(Beginning of Data provided)

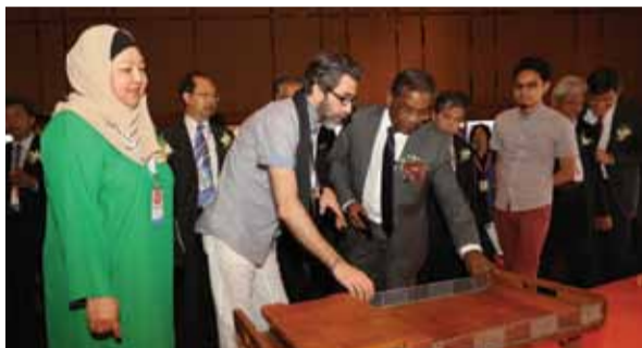
VIPs Tour of Exhibition. 贵宾们参观展位。

Among the side highlights of EFE 2016 was the China Export Pavilion (CEP) where Malaysian exhibitors were provided with an opportunity to do export to China where currently there is a strong demand of solid wood furniture products. Another highlight was the Professional Designers Programme (PDP) mooted out by Malaysian Timber Industry Board (MTIB) in collaboration with the Malaysian Furniture Promotion Council (MFPC) in their efforts in producing high-quality products with original designs. The PDP involved 4 Malaysia pride recipients manufacturers, 4 international professional
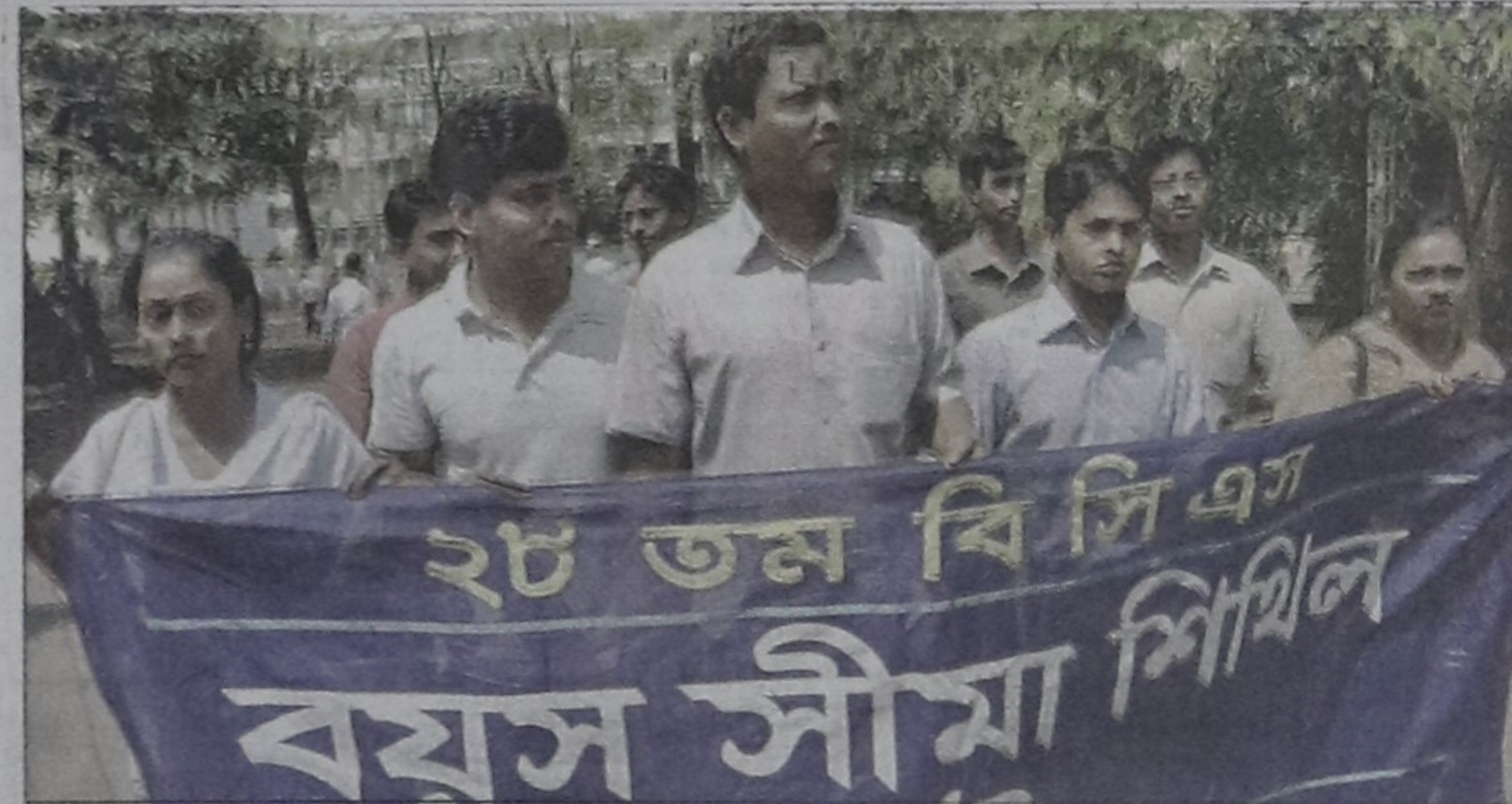
A group of job seekers take out a procession on the Dhaka University campus yesterday demanding relaxation of age limit in the 28th BCS exams by one year.

Fax + 88-02-8825941 E-mail: info@geneticlimited.com Web: www.geneticlimited.com
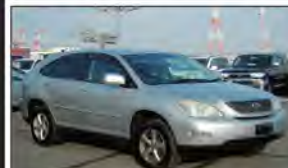
Ref.26601 PRICE: $6,610 TOYOTA HARRIER Year 2003 AT 2,360cc PETROL Mileage 153,000km Color Silver
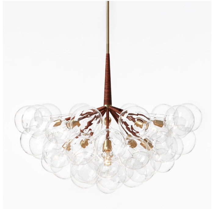
Supra Bubble Chandelier pictured with Satin Brass metal finish and Dark Brown Leather coiling
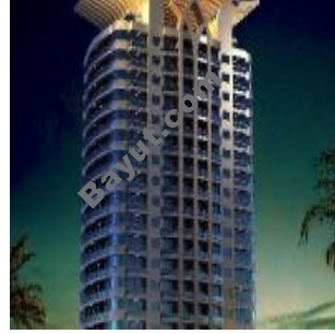
Champions Tower IV Exterior View 2
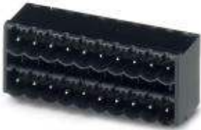
The figure shows a 10-pos. version with 20 contacts

Header, Nominal current: 12 A, Rated voltage (III/2): 400 V, Number of positions: 10, Pitch: 5.08 mm, Color: black, Contact surface: Tin, Assembly: Taped SMD/THT/THR components

(End of Data provided)

Required work ▸
Your copy must reproduce the entries above in full, without their pictures.

Answer section ▸
VIPs Tour of Exhibition. 贵宾们参观展位。

Among the side highlights of EFE 2016 was the China Export Pavilion (CEP) where Malaysian exhibitors were provided with an opportunity to do export to China where currently there is a strong demand of solid wood furniture products. Another highlight was the Professional Designers Programme (PDP) mooted out by Malaysian Timber Industry Board (MTIB) in collaboration with the Malaysian Furniture Promotion Council (MFPC) in their efforts in producing high-quality products with original designs. The PDP involved 4 Malaysia pride recipients manufacturers, 4 international professional
A group of job seekers take out a procession on the Dhaka University campus yesterday demanding relaxation of age limit in the 28th BCS exams by one year.

Fax + 88-02-8825941 E-mail: info@geneticlimited.com Web: www.geneticlimited.com
Ref.26601 PRICE: $6,610 TOYOTA HARRIER Year 2003 AT 2,360cc PETROL Mileage 153,000km Color Silver
Supra Bubble Chandelier pictured with Satin Brass metal finish and Dark Brown Leather coiling
Champions Tower IV Exterior View 2
The figure shows a 10-pos. version with 20 contacts

Header, Nominal current: 12 A, Rated voltage (III/2): 400 V, Number of positions: 10, Pitch: 5.08 mm, Color: black, Contact surface: Tin, Assembly: Taped SMD/THT/THR components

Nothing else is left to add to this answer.